Valmiki compares the sight of Rama and Sita together to the moon and the brightest star. The Ramachandra worshipper, therefore, never makes the mistake of thinking Sita an ordinary wife. Throughout the Ramayana, the poetry again and again turns to images of the various moods of natural beauty in the jungle, in the sky, and in the night with its wonderful galaxies for comparisons to the loveliness of Sita. And always the worshipper addresses first Sita, and then Rama like Sita-Rama.
Kidnapping of Sita by Ravan and Lord Rama’s alliance with the monkeys:

Hanuman Carrying Lord Rama and Lakshmana

In the absence of Sita, Ramachandra was plunged into unalloyed grief. He was crazed, and His understanding appeared clouded. He was going through the forest asking the flowers and trees if they had seen His wife. He feared that she had been eaten by the rakshasas. He and Lakshman searched everywhere. Rama questioned the sun: “Where has My darling gone? “ He asked the wind if she were dead or alive or stolen, or had he seen her on any path?
Lakshman attempted to draw off Ramachandra’s despair by sensible words, but he was paid no attention. Finally the brothers found signs of Sita, pieces of clothing torn while resisting Ravana, and ornaments which had fallen from her as she rose up in his chariot. They also found the bloodied dying body of Jatayu, the ancient king of birds, who had made a valiant attempt to stop Ravana’s might. Frothing in his last blood, Jatayu informed Ramachandra that it was Ravana, the king of the rakshasas, who had taken Sita. The brothers got further information that they could obtain the help needed to find Ravana’s kingdom by making alliance with Sugriva, the king of the vanaras, a monkey race who lived in the Pampa region of rivers and lakes.
This chief of the monkeys, Sugriva, beholding Ramachandra and Lakshman within his province, was at once fearful. The Vanaras were taking refuge from their enemy Vali, who was the chief’s brother, and Sugriva thought that Rama and Lakshman had come to do some harm, as they appeared so formidable with their weapons. The monkeys ranged from peak to peak, and joined their leader for a conference on what to do about the two mighty young men who were walking amongst the trees and lakes. The chief counsellor to the King, named Hanuman, assured Sugriva that their enemy Vali had no access to the Pampa region. Therefore, why should they fear these two godlike warriors?

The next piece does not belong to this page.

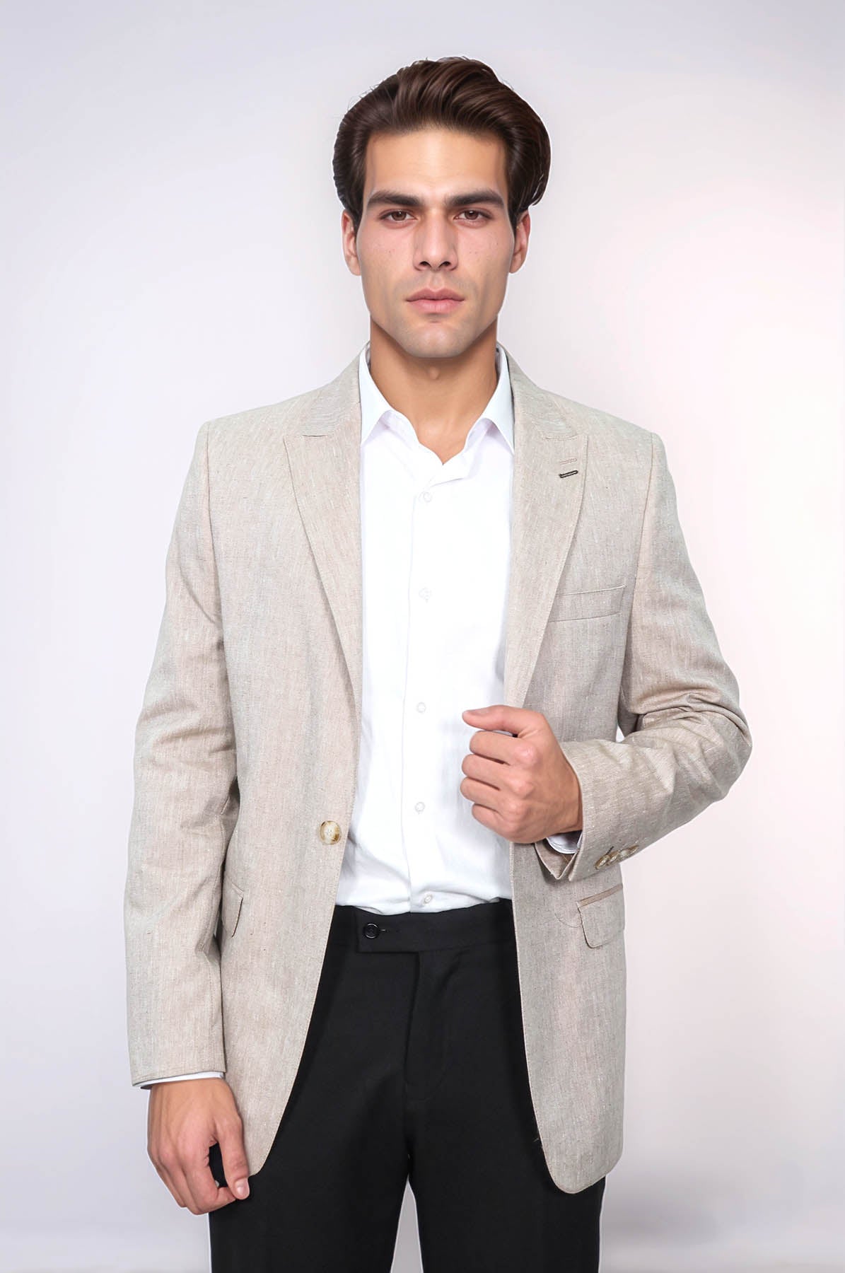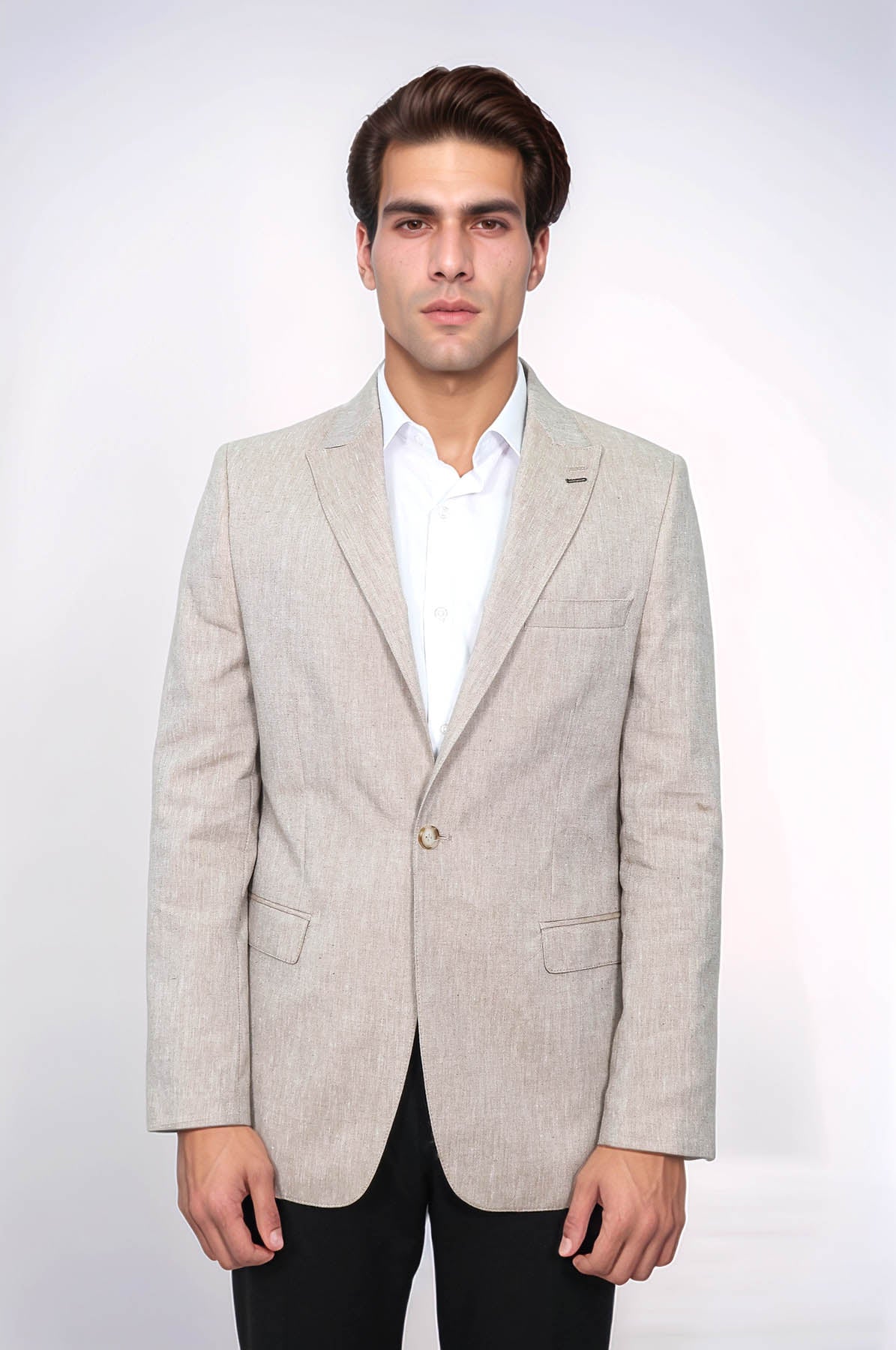 Slim-Fit Peak Lapel Light Brown Jacket

Hanuman approached Rama and Lakshman on behalf of the king, and with eloquent words invited them to meet with the monkey chieftain. Rama was at once delighted with the eloquent speech and appearance of Hanuman, and a meeting was arranged. Seated on giant Sala leaves, Rama, Hanuman, Lakshman and Sugriva spoke out their hearts and concluded a pact of honorable friendship.
Sugriva narrated how he had become confined to this region of the Pampas in fear of his life, having been deprived of his kingdom by his brother Vali. Ramachandra acknowledged that the expression of friendship is good service, and He agreed to kill Vali, who had also abducted the wife of Sugriva. Rama accepted the hand of Sugriva in embrace, and the monkey chief promised to aid Rama in His search for Sita by employing his vast, worldwide army of Vanaras.
Sugriva, however, had some doubts that Rama could actually subdue Vali. In order to assure him, Rama Chandra shot one arrow which traversed through seven palm trees, a rock, through the innermost region of the Earth and in a minute returned to Rama Chandra’s quiver! He then set out, and soon met Vali, and slew him.
After some delay, while Sugriva tasted the sensual pleasures of his regained kingdom, he mobilized his forces and sent them out to all quarters in search of Lanka, where Sita was imprisoned. But after months of futile searching, the armies began to lose hope. Some returned, and some dispersed in foreign lands. It was Hanuman alone who received information that the kingdom of Lanka was an island far across the Indian ocean.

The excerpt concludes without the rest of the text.